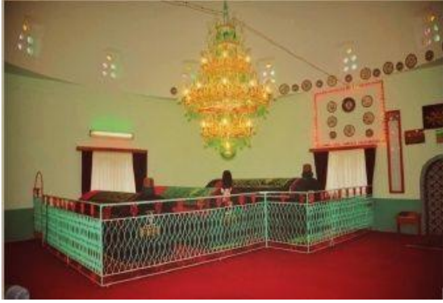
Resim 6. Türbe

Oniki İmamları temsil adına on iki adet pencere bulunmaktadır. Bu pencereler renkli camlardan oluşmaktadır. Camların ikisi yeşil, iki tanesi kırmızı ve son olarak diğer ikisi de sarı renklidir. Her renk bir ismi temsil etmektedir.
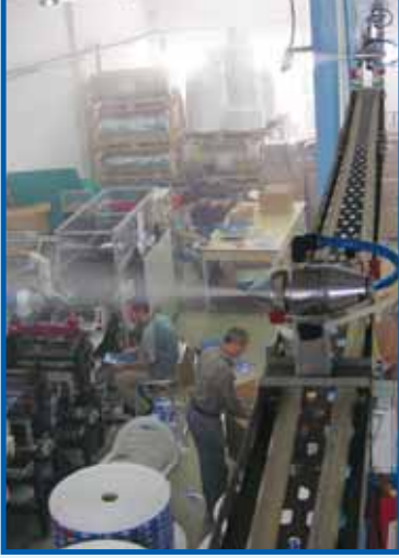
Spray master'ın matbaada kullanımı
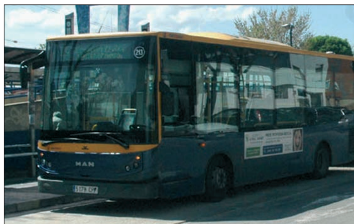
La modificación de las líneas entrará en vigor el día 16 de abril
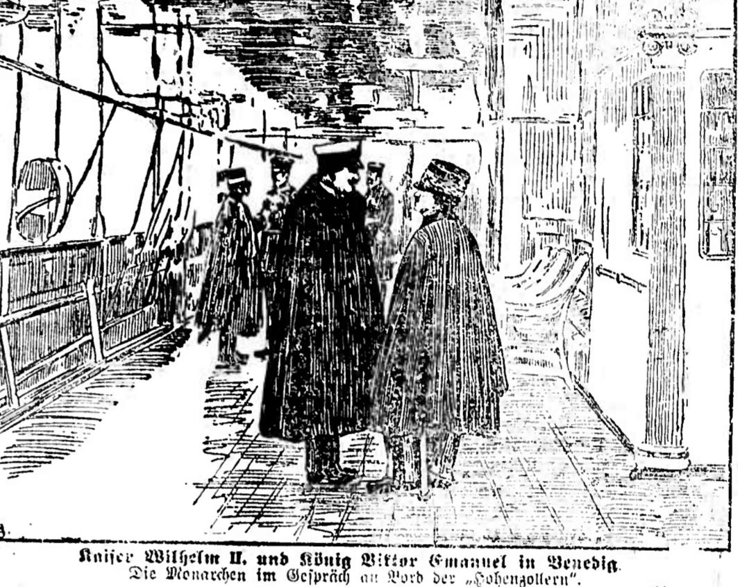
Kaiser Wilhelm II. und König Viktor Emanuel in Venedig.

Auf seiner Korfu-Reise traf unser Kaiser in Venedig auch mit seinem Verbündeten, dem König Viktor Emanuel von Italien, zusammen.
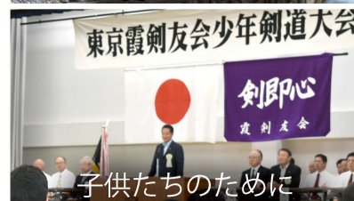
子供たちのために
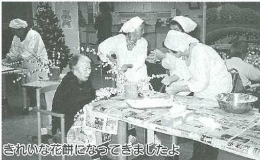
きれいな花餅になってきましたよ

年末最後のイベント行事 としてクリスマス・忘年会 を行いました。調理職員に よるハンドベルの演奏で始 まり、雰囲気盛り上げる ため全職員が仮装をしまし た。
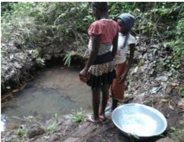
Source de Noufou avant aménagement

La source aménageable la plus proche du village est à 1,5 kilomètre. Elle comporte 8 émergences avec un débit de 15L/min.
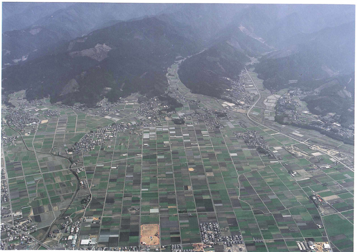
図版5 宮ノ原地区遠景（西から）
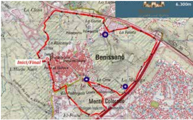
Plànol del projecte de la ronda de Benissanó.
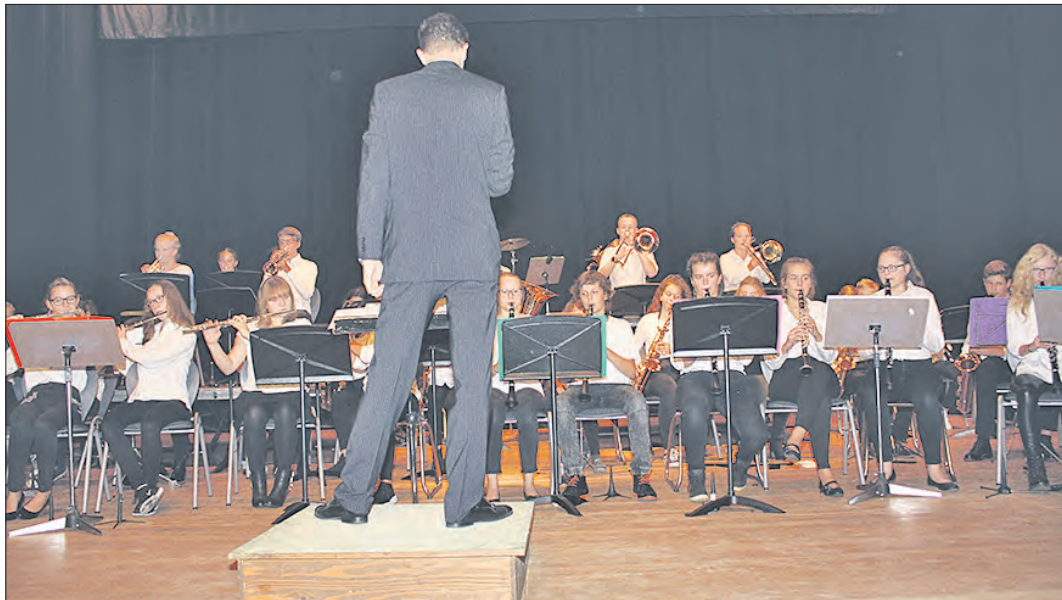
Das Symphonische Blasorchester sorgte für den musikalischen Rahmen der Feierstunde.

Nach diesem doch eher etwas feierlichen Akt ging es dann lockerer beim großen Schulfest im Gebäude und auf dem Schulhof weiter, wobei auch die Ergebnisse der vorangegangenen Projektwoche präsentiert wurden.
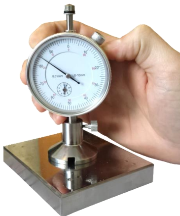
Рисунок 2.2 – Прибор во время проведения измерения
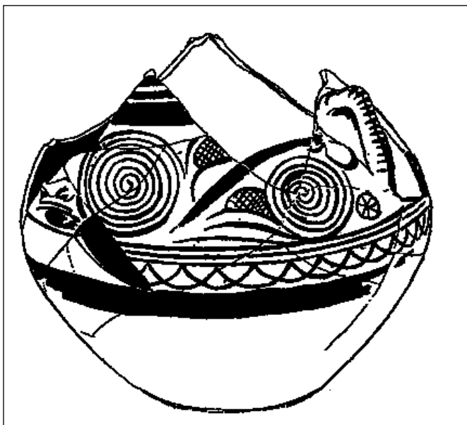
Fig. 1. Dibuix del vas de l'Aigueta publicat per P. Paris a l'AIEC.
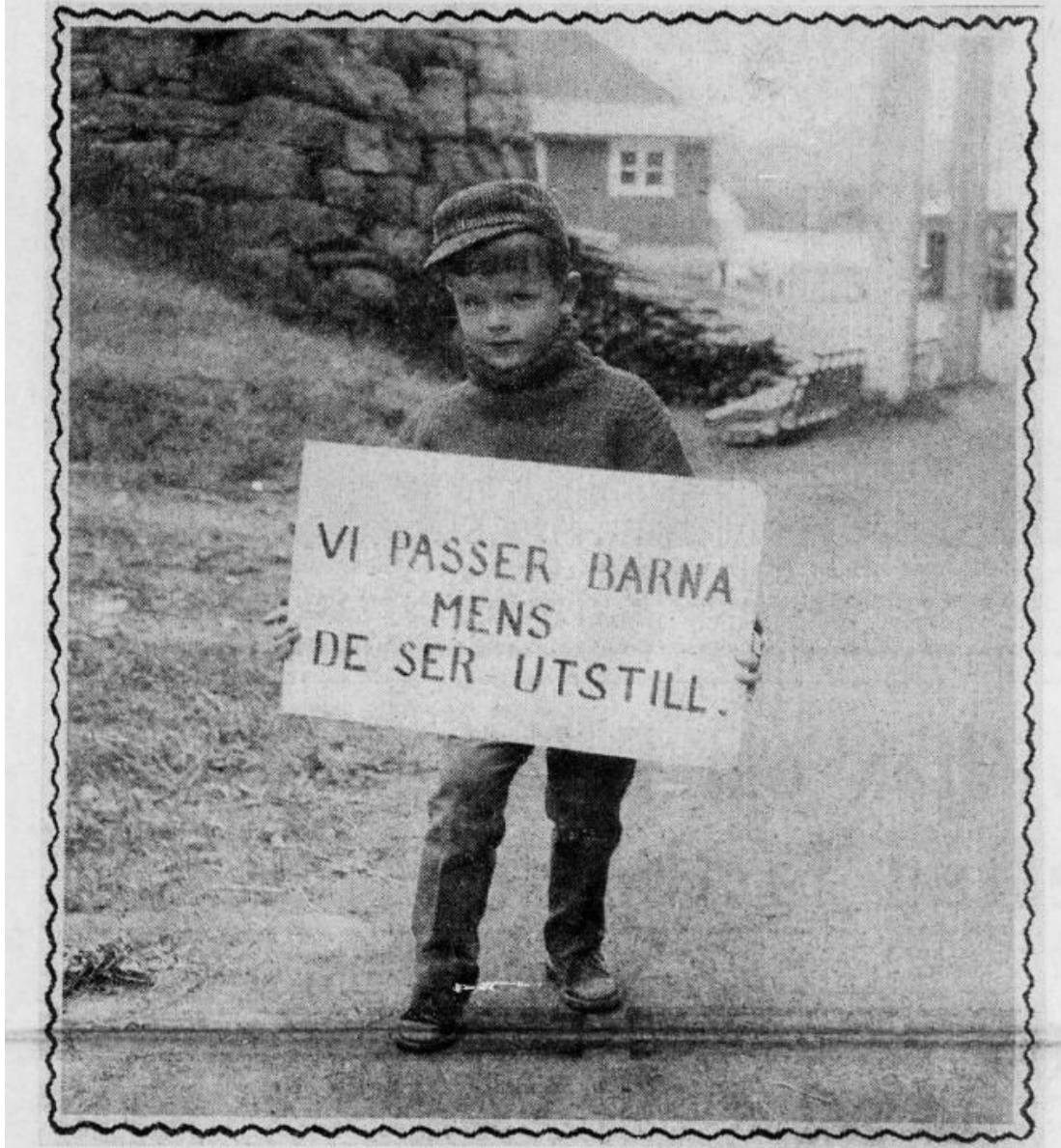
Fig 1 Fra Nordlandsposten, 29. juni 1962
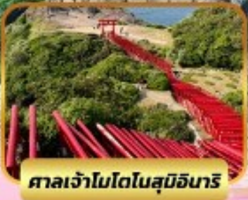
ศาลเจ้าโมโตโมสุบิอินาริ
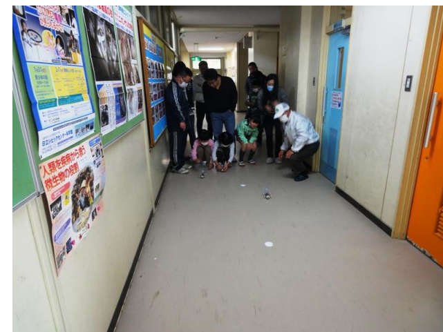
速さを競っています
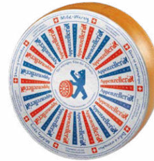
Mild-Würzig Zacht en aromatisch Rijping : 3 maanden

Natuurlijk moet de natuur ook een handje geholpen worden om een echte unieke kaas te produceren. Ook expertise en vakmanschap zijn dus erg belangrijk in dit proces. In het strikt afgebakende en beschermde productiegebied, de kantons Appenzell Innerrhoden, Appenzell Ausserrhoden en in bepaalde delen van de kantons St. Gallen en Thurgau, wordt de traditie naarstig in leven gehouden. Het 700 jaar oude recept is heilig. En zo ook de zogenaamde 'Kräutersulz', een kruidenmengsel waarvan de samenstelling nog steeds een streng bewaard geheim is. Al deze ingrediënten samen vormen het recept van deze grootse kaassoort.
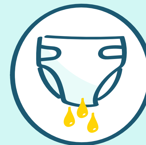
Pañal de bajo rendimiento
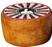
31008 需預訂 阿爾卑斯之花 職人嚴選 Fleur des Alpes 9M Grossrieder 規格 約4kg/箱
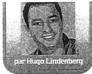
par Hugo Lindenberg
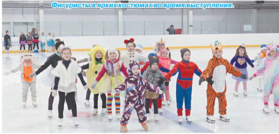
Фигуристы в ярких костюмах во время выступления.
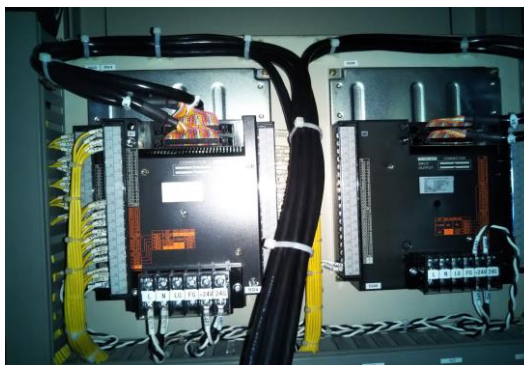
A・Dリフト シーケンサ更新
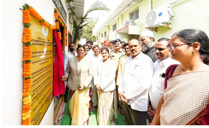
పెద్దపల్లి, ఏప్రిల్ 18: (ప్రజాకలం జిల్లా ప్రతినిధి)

> **WHAT IS BEING ASKED**
For the entries above, print exactly the lines between the one with "Nach diesem doch" and the one with "Рисунок 2.2 –", inclusive, with no pictures.

> **COMPLETED TASK**
Nach diesem doch eher etwas feierlichen Akt ging es dann lockerer beim großen Schulfest im Gebäude und auf dem Schulhof weiter, wobei auch die Ergebnisse der vorangegangenen Projektwoche präsentiert wurden.
Рисунок 2.2 – Прибор во время проведения измерения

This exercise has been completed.